Bird’s Eye: Birds can fly over fences, but the rest of us can’t. A set of fascinating insights into the changes that are taking place in Israel. Al Jazeera has a discussion with three distinguished guests of a quality I can’t imagine another media outlet having. Carlo Strenger, who has long favoured the two-state solution, has now abandoned it. Sadly I see no flaw in his reasoning. And once again, Richard Silverstein breaks important news before anyone else.
* Israel and Democracy: Inside Story video Al Jazeera (Thanks, Gabe)
Is Israel violating Palestinian human rights in the Occupied Territories? What does this tell us about the Israeli government and its policy of settlement expansion in Palestinian territory? And, does that contradict its claim of being the only democracy in the region? Joining Inside Story with presenter Hazem Sika to discuss these questions and more are guests: Jessica Montell, the executive director of human rights group B’Tselem; Akiva Eldar, the chief political columnist and editorial writer for Haaretz; and Mark Ellis, the executive director of the International Bar Association.
*Open Letter To Peter Beinart: Boycotting The Settlements Will Not Save The Two-State Solution Carlo Strenger Haaretz
This brings me to the final point of disagreement. You hope to save the two state solution. But I think you try to save spilt milk. You probably know the wisdom of every investment advisor. It is profoundly wrong to handle your investment portfolio reacting to previous losses. You need to look at it as if you were creating it now.
There is little use for us to decry the folly of Israel’s policy of the last forty years. We need to look at the situation as it is now: no Israeli politician will be able to retreat to the 1967 lines as long as Hamas will not radically change its views, and this, researchers familiar with the movement tell me, is not likely to happen soon.
The problem is that the longer the status quo continues, the more impossible the two state solution will become. In fact, it may already be dead. Hence the real question for liberal Jews and gentile friends of Israel is where we need to aim now.
* “Israel Bought an Airfield called Azerbaijan” Richard Silverstein Tikun Olam
One of the logistical nightmares of an attack on Iran is getting Israeli planes to and from their target, a flight of 2,000 miles.
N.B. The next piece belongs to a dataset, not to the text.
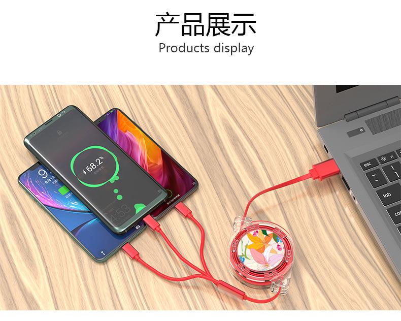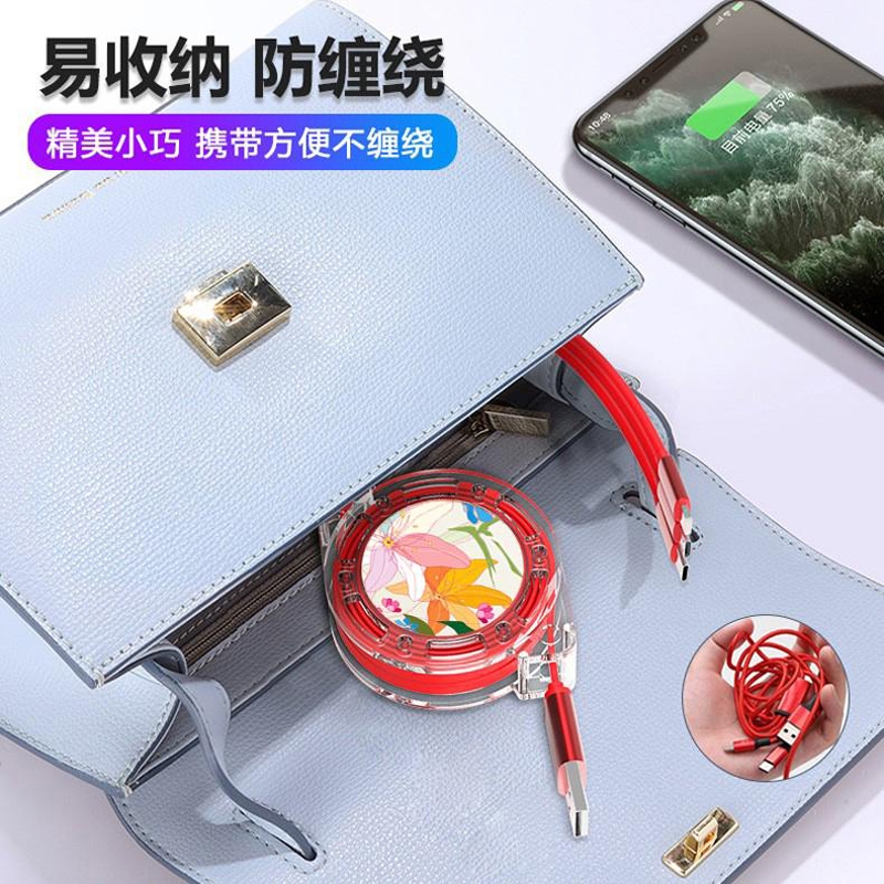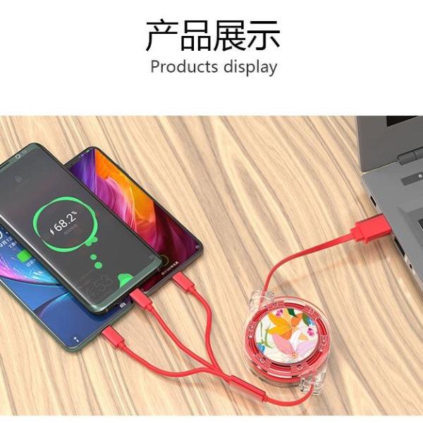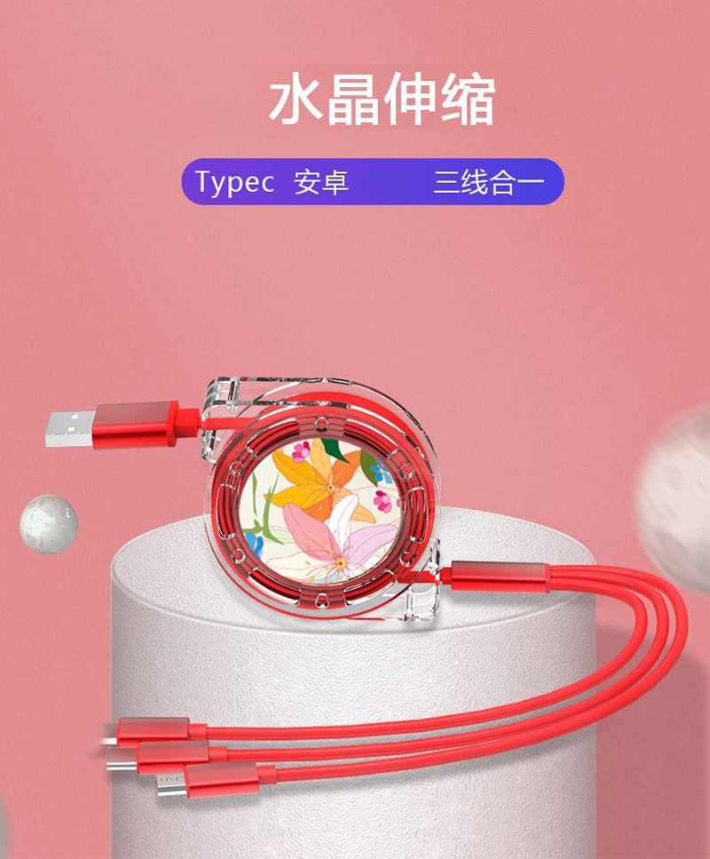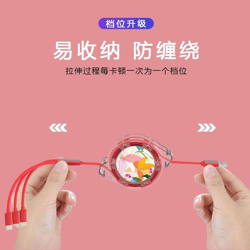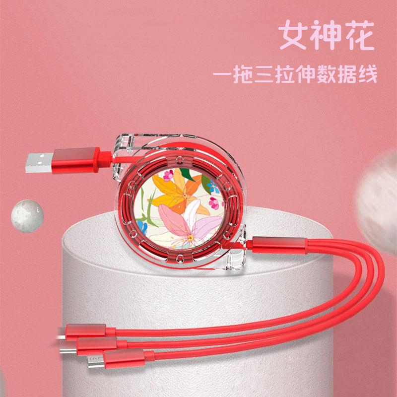 愛爾沃女神花一拖三拉伸數據線 愛爾沃女神花一拖三拉伸數據線

The IAF simply doesn’t have the refueling capability that’s required. Thanks to Perry, we’ve just learned one of the ways Israel plans to eliminate the problem:
…Four senior diplomats and military intelligence officers say that the United States has concluded that Israel has recently been granted access to airbases on Iran’s northern border. To do what, exactly, is not clear. “The Israelis have bought an airfield,” a senior administration official told me in early February, “and the airfield is called Azerbaijan.”
Though the country’s foreign minister recently dismissed the notion that his country would serve as a base for an attack on any other country, Perry writes:…Even if his government makes good on that promise, it could still provide Israel with essential support. A U.S. military intelligence officer noted that Azeri defense minister did not explicitly bar Israeli bombers from landing in the country after a strike. Nor did he rule out the basing of Israeli search-and-rescue units in the country. Proffering such landing rights — and mounting search and rescue operations closer to Iran — would make an Israeli attack on Iran easier.
* New Israeli Fence The Guardian
A frontier fence is being erected at high speed along the 150-mile boundary between the Sinai and Negev deserts. Once it is finished, Israel will be almost completely enclosed by steel, barbed wire and concrete, leaving only the southern border with Jordan between the Dead and Red Seas without a physical barrier.